江昭在琢磨骆俞话中的意思。

 林玉韵身上有什么味道是骆俞讨厌的?

 骆俞和林玉韵并未接触过, 又是怎么闻到他身上的气味的?难道在他不知道的时候,他们两人已经悄悄见过了?

 不, 如果他们私下见过面,反派对主角受的态度不会是这样。

 他想得入迷,并未注意到身后男人的视线一点点沉了下来。

 骆俞不喜欢江昭在他的视线范围内想别的人。

 他的人,合该心里、眼里悉数都是他。旁的人,莫说提起来,便是想也不能像。

 很少有人知道,骆俞讨厌这种感觉。

 这种只能远远看着一个人的感觉, 他分明……分明已经把江昭抱在怀中了, 却仍觉得不够。一股突如其来的惶恐席卷他的心底, 对于天生情绪冷淡的骆俞来说,这股情绪陌生极了, 同时却又有些熟悉。

 他惶恐江昭的离开。

 江昭背对他, 隐隐察觉到身后人的视线落到了他的后颈处,不待他回神, 后颈猛然传来一阵刺痛!

 骆俞恨恨咬在了他的后颈处。

 江昭受痛,眼泪顷刻间像极了断串的珍珠,噼里啪啦往下滚落。

 “……骆俞!”

 后颈的力道丝毫没有放松,反而咬得愈发紧了起来,死死衔住那块皮肉,像是秃鹫咬住腐烂的肉般的, 捍卫着来之不易的食物。

 又像条野狗般凶恶蛮横, 不容许他人踏足他的地盘。

 江昭疼得厉害,眼泪止不住往下滑落, 飞快打湿了前襟, 他在挣扎中感觉到骆俞的齿尖深/入到肌理中。

 肯定已经出血了。

 骆俞突然发的什么疯?

 疼痛持续了大约两分钟, 直至被衔住的皮肉开始麻木僵死,紧咬住他后颈的骆俞才松嘴,转而用舌尖缓慢舔舐着新生的伤口。

 他的口腔内满是江昭的血腥味。

 这味道分明是难闻的,但从江昭的皮肉里溢出来,便好像沾染了他身上的香甜,越是细细品尝,便越能从中体会到这份蜜糖般的甜味。

 果然是甜的啊。

 一点舌尖探出,漫不经心地舔着唇角不慎沾上的血迹。

 猩红的血。

 雪白的肤。

 江昭哭惨了,他的痛觉较之旁人而言要更敏感些,疼起来是翻了十倍的疼。

 “骆俞,你简直……”

 简直有病!

 被疼痛侵蚀的大脑恍惚冒出了一个形容词:

 疯狗。

 骆俞像条情绪不稳定的疯狗。

 不能用正常人的思维来理解他,也便不知道他会因为什么事被激怒。

 后面的话江昭只敢在心里想想。

 但就算他不说出口,骆俞也知道他想说什么。

 “江昭,是你亲自迈开双腿走进来我的地盘。
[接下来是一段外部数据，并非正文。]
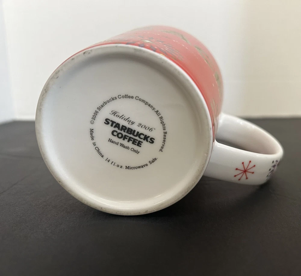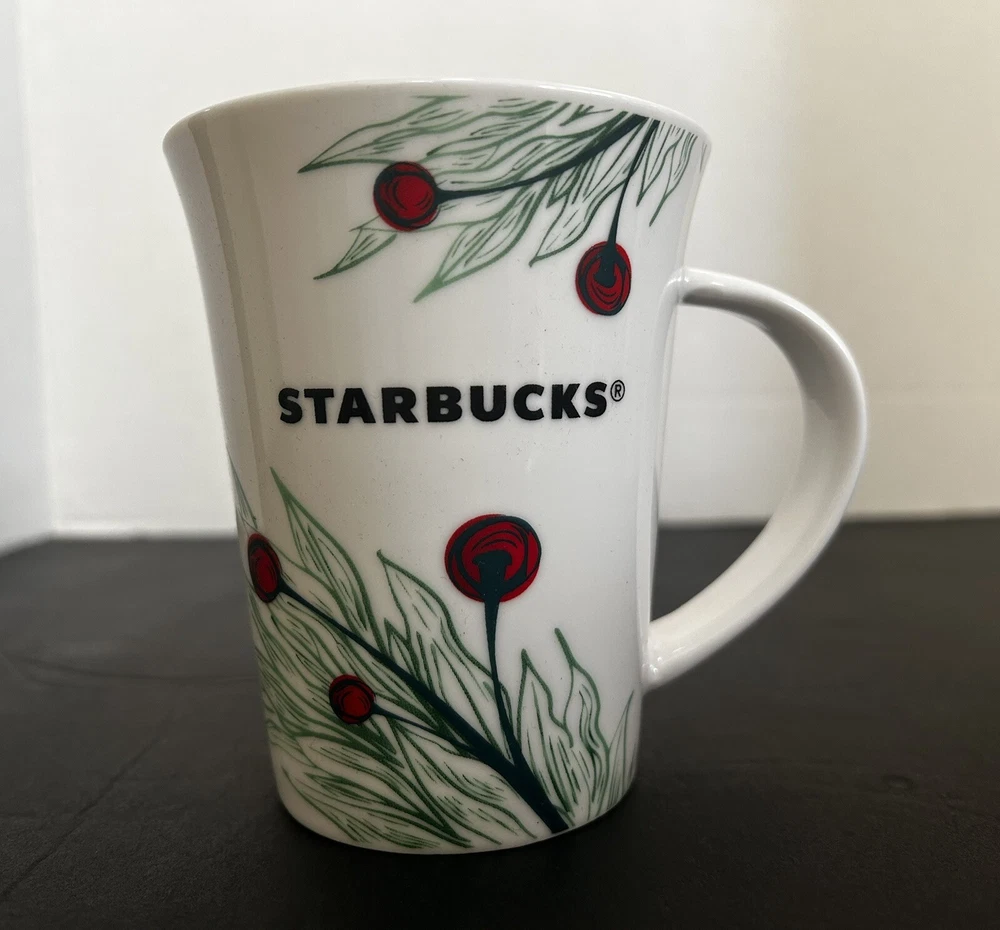 This is a set of two Starbucks holiday/Christmas cups or mugs, the red Peace mug, a rare find from 2006, hand wash only, and the red, green and white Holly Berry pine from 2020 which is microwave and dishwasher safe. These are original pieces and perfect for collectors of coffee and tea accessories. The mugs are branded with the Starbucks logo and are ideal for enjoying your favorite hot beverage during the holiday season. Add them to your collection of Starbucks merchandise or give them as a gift to a fellow coffee lover. No cracks, chips; good used condition.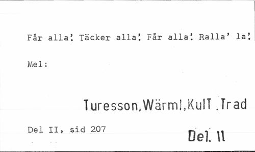 //// Får alla'. Täcker alla! Får alla'. Ralla' la'. Mel: //// Turesson,Wärml.KulT .Trad //// Del II, sid 207 _ v lt //// Del. U ////

——你是自愿的。”

 所以,被欺负、被囚\禁、被凌\辱也怪不得旁人。

 便是对他做些再过分的事,他也无处控告。

 江昭垂头,眼泪止不住往外溢,一双眼哭得微微红肿起来,倒像是受了天大的委屈般。

 后颈有温热的触感,凭感觉像是一个吻。

 留下这道疤痕的人很满意它。

 他的满意和愉悦几乎要从那张人模人样的皮囊中流淌出来,化作无形的影,将江昭包裹在其中,夺取他的氧气和心思,教他一点点蜷缩起身子,心甘情愿成为作茧自缚的蚕虫。

 事实也的确如此。

 江昭在公寓里住了五天。

 这三天他一直提心吊胆,生怕一不小心惹毛了骆俞,从而贞操不保。

 骆俞也不知为何,除却第一天的态度强硬无比,接下来几天的态度都格外好,只是做什么都要他呆在一旁,倒教江昭生出一股错觉,恍惚以为他和反派是对同居的小情侣一样腻歪。

 他没有再接到任何人的电话。

 真的也好,假的也罢。

 从林玉韵那天撂下电话开始,他的日子好像骤然间回归平淡。

 江昭心里清楚,那是暴风雨前的平淡。

 表面越是安稳,背地里越是腥风血雨。

 第六天时,他望着手机漆黑的屏幕呆愣着。

 林玉韵说,五天后来接他,而今天恰好是约定的日子。

 江昭抿紧唇,唇瓣好像吮饱了鲜血般红润,上唇的唇珠微收,肌理里头的血肉收到压迫,色泽愈发冷淡起来。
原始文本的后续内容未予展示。